§ **Provided material**:
---

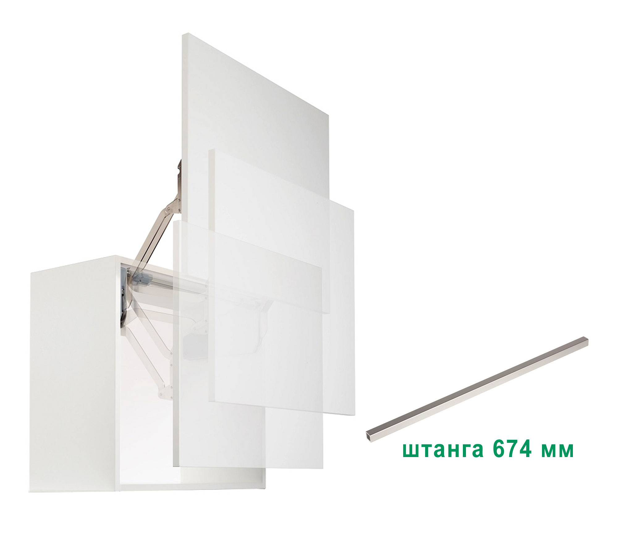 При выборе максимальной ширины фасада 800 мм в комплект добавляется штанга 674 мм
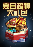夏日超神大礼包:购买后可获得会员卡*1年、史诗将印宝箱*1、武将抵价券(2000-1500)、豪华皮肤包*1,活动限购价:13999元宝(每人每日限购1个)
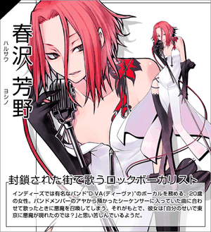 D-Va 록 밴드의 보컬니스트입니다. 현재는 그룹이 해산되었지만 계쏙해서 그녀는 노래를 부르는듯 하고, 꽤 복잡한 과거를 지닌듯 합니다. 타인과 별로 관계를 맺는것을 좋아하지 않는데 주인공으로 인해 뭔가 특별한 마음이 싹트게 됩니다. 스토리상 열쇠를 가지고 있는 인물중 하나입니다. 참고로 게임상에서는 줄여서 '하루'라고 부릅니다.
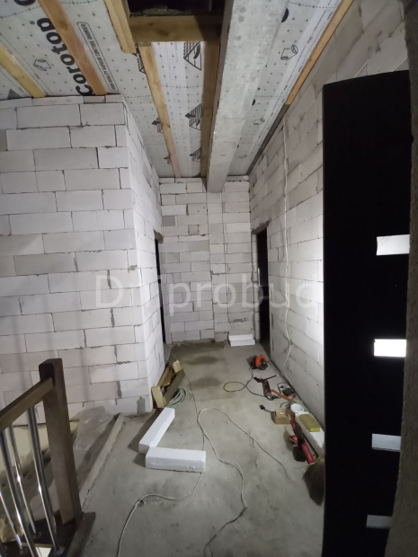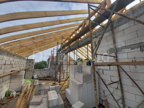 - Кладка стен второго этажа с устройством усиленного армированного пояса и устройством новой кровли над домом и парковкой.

---

§ **Task description**:
Pictures aside, give the data again exactly as it appears.

§ **Expected output**:
 При выборе максимальной ширины фасада 800 мм в комплект добавляется штанга 674 мм
夏日超神大礼包:购买后可获得会员卡*1年、史诗将印宝箱*1、武将抵价券(2000-1500)、豪华皮肤包*1,活动限购价:13999元宝(每人每日限购1个)
 D-Va 록 밴드의 보컬니스트입니다. 현재는 그룹이 해산되었지만 계쏙해서 그녀는 노래를 부르는듯 하고, 꽤 복잡한 과거를 지닌듯 합니다. 타인과 별로 관계를 맺는것을 좋아하지 않는데 주인공으로 인해 뭔가 특별한 마음이 싹트게 됩니다. 스토리상 열쇠를 가지고 있는 인물중 하나입니다. 참고로 게임상에서는 줄여서 '하루'라고 부릅니다.
 - Кладка стен второго этажа с устройством усиленного армированного пояса и устройством новой кровли над домом и парковкой.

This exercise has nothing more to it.